Army Corps of Engineers begins closing bays at Bonnet Carré Spillway

Army Corps of Engineers begins closing bays at Bonnet Carré Spillway
The Bonnet Carre Spillway is expected to close after being open for weeks.

MONTZ, La. (WVUE) - The Historic Bonnet Carré Spillway opening is finally coming to an end.

The Louisiana Niagara Falls is coming to a close.

At the height of the Bonnet Carré Spillway opening, nearly twice the amount of water that tumbles over the real Niagara Falls flowed through the structure into Lake Pontchartrain every second.

Workers are in the process of dropping the large needles, as they call them, into slots called bays that stream the flow of water into the spillway basin.

Crews with the Army Corps of Engineers started using a crane around 9 a.m. to lift the needles back into place against the flow of rushing water from the still high Mississippi River.

Ten of the 168 open bays will be closed Monday, July 22, but Matt Roe with the United States Army Corps of Engineers says even though the spillway structure is closing, the area is still in a flood fight.

“Although we are out closing the Bonnet Carré Spillway today We are not out of the flood fight,” says Roe. “We will continue to conduct levee inspections and conjunction with our partners and then all subsurface construction activity within 1500 of the levee is still on restriction.
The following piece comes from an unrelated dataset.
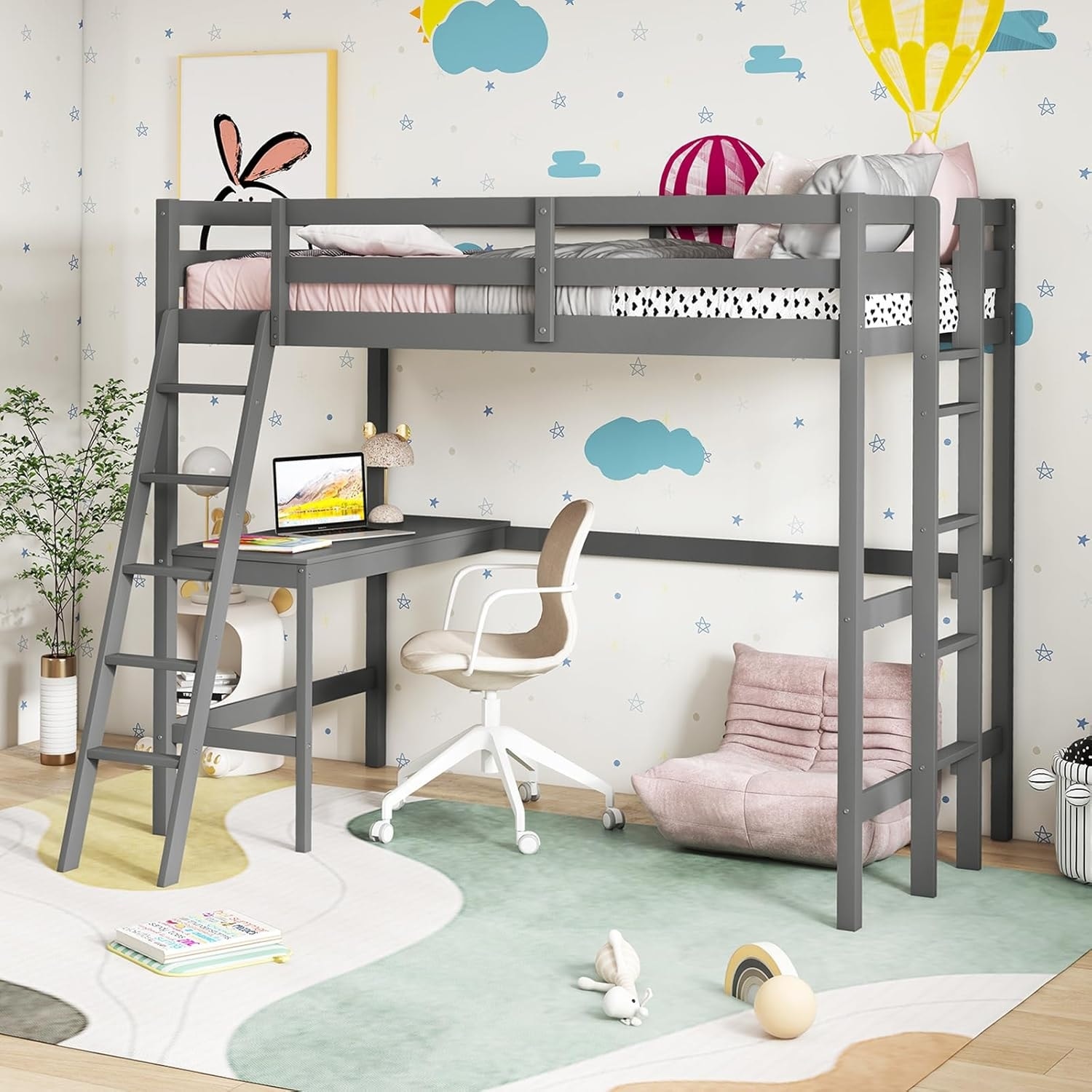 Solid Wood Twin Loft Bed with Built-in Desk, Space-Saving Design & Safety Guardrail

I know it’s some people may see as closing the Spillway as the end of the foot fight but we’re not out of it yet.”

Depending on the weather conditions, the Corps expects a full closure in the next seven days, but there is plenty of water left in the spillway basin that will take time to drain.

Tuesday, July 23 will tie for the longest spillway opening at 75 days to add to the unprecedented openings on back to back years and the Bonnet Carré being opened twice in the same year.